Assignment: The entries below are to be written out exactly, with no images included.

Source material:
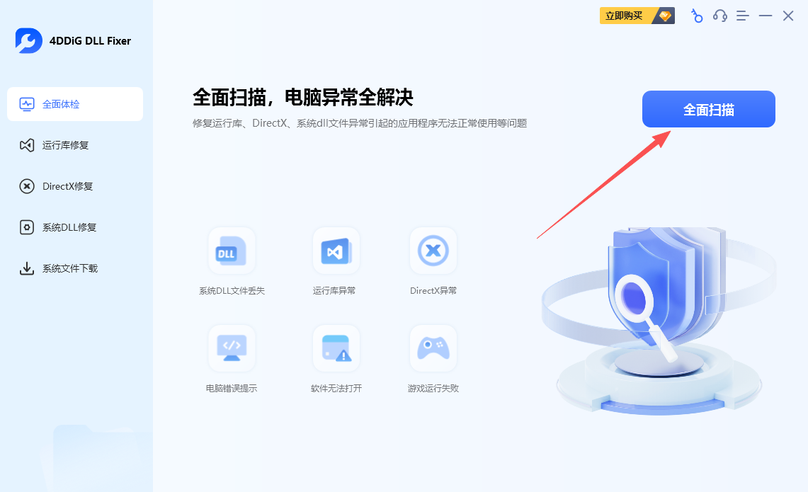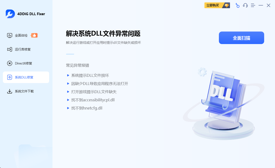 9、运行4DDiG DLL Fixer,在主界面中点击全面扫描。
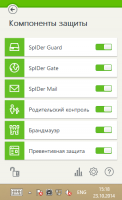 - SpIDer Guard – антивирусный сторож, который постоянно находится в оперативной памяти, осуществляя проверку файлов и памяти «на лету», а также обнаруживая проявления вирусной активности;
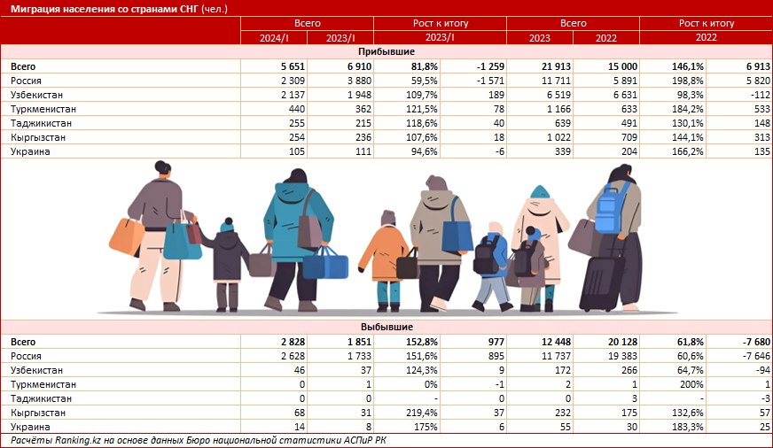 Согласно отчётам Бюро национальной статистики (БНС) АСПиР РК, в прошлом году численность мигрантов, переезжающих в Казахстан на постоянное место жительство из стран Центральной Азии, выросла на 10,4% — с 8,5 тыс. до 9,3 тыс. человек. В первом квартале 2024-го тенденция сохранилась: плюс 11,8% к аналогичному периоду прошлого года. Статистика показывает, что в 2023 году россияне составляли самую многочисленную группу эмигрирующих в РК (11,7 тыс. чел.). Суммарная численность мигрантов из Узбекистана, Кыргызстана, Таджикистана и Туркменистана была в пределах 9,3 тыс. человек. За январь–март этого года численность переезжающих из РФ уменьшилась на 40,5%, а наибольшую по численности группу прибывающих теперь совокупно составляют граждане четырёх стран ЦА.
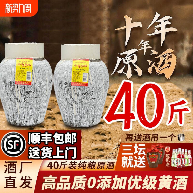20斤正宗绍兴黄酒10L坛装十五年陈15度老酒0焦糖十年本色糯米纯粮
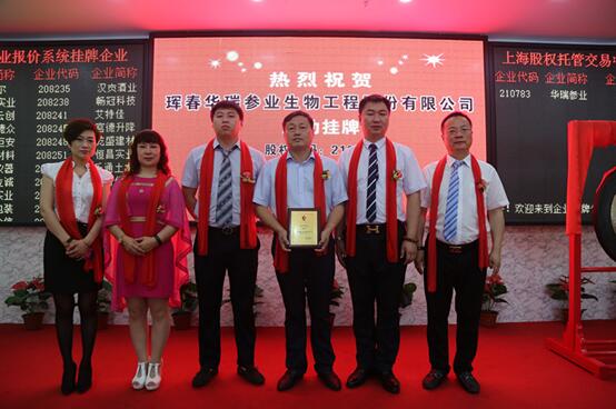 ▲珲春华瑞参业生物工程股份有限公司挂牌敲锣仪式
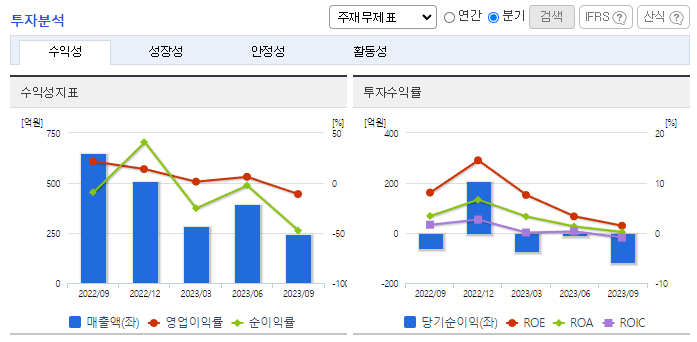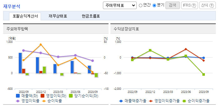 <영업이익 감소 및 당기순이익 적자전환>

Response:
 9、运行4DDiG DLL Fixer,在主界面中点击全面扫描。
 - SpIDer Guard – антивирусный сторож, который постоянно находится в оперативной памяти, осуществляя проверку файлов и памяти «на лету», а также обнаруживая проявления вирусной активности;
 Согласно отчётам Бюро национальной статистики (БНС) АСПиР РК, в прошлом году численность мигрантов, переезжающих в Казахстан на постоянное место жительство из стран Центральной Азии, выросла на 10,4% — с 8,5 тыс. до 9,3 тыс. человек. В первом квартале 2024-го тенденция сохранилась: плюс 11,8% к аналогичному периоду прошлого года. Статистика показывает, что в 2023 году россияне составляли самую многочисленную группу эмигрирующих в РК (11,7 тыс. чел.). Суммарная численность мигрантов из Узбекистана, Кыргызстана, Таджикистана и Туркменистана была в пределах 9,3 тыс. человек. За январь–март этого года численность переезжающих из РФ уменьшилась на 40,5%, а наибольшую по численности группу прибывающих теперь совокупно составляют граждане четырёх стран ЦА.
20斤正宗绍兴黄酒10L坛装十五年陈15度老酒0焦糖十年本色糯米纯粮
 ▲珲春华瑞参业生物工程股份有限公司挂牌敲锣仪式
 <영업이익 감소 및 당기순이익 적자전환>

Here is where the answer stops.